### Given information

══════

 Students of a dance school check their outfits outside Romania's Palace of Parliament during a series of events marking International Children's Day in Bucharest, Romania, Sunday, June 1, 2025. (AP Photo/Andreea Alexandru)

══════

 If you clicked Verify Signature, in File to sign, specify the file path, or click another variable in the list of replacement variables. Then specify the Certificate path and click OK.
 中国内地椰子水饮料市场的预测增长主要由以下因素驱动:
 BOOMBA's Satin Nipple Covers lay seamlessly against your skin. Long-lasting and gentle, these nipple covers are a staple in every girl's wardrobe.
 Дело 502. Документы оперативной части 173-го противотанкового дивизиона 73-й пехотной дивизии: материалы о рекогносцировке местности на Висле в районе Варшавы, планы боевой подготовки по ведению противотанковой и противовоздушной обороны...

══════

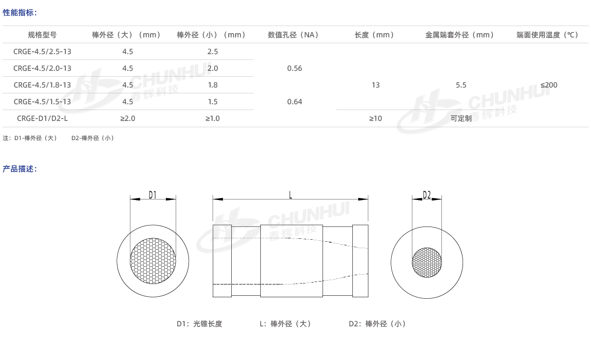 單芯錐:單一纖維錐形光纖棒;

══════

### What you are asked to do
Your answer should consist only of the lines above between the line holding "BOOMBA's Satin Nipple" and the line holding "Дело 502. Документы", inclusive, each transcribed exactly.

### Response
 BOOMBA's Satin Nipple Covers lay seamlessly against your skin. Long-lasting and gentle, these nipple covers are a staple in every girl's wardrobe.
 Дело 502. Документы оперативной части 173-го противотанкового дивизиона 73-й пехотной дивизии: материалы о рекогносцировке местности на Висле в районе Варшавы, планы боевой подготовки по ведению противотанковой и противовоздушной обороны...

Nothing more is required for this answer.